Every line below from the one with "CARRIERE DE PRODUCTION" through the one with "Die Sieger der" is to be repeated exactly, with no picture among them.

[[ Data supplied, beginning ]]

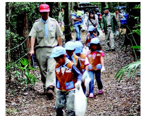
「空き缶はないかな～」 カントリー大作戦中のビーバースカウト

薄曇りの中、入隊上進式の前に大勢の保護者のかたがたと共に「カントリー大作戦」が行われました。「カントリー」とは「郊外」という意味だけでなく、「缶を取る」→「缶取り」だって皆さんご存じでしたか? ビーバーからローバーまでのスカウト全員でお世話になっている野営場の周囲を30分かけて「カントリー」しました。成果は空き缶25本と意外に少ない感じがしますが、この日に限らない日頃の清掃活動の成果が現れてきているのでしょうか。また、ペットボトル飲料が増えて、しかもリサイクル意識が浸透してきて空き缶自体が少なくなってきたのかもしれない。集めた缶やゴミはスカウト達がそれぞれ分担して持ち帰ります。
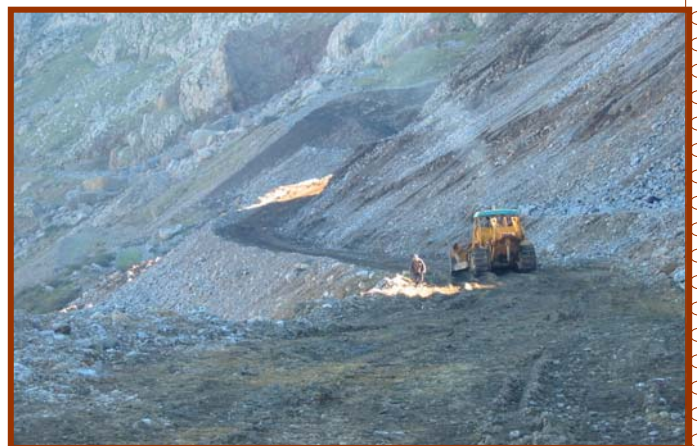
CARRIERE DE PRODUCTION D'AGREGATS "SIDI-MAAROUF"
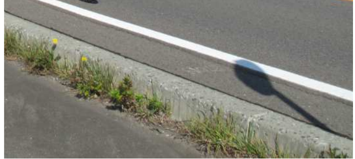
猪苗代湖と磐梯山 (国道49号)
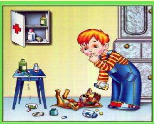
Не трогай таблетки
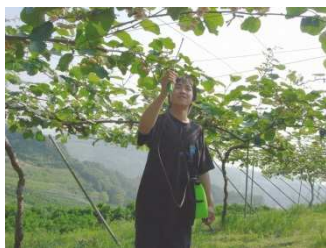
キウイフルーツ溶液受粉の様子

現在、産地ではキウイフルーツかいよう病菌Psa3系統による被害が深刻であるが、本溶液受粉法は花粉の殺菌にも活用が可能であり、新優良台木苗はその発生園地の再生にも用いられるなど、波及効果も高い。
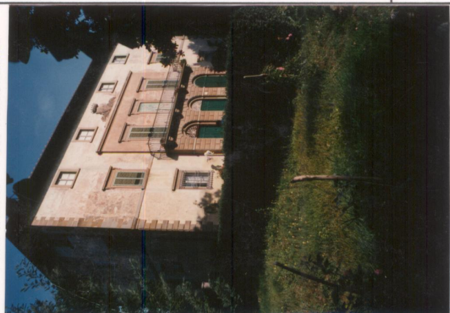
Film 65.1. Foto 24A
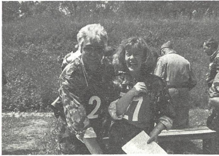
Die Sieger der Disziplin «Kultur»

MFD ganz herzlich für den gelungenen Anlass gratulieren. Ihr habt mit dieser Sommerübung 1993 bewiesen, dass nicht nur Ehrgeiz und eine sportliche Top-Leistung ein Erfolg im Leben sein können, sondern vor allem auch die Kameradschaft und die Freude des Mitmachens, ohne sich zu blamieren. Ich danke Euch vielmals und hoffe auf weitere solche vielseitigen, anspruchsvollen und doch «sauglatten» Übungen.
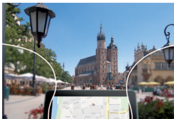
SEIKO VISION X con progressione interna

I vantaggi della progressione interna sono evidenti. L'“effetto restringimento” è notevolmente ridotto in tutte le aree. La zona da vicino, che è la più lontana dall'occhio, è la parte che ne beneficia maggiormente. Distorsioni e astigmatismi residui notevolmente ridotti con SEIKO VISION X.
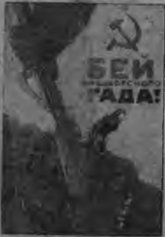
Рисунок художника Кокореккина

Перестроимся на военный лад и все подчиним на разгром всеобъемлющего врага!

[[ Data supplied, end ]]

# Result for this exercise
CARRIERE DE PRODUCTION D'AGREGATS "SIDI-MAAROUF"
猪苗代湖と磐梯山 (国道49号)
Не трогай таблетки
キウイフルーツ溶液受粉の様子

現在、産地ではキウイフルーツかいよう病菌Psa3系統による被害が深刻であるが、本溶液受粉法は花粉の殺菌にも活用が可能であり、新優良台木苗はその発生園地の再生にも用いられるなど、波及効果も高い。
Film 65.1. Foto 24A
Die Sieger der Disziplin «Kultur»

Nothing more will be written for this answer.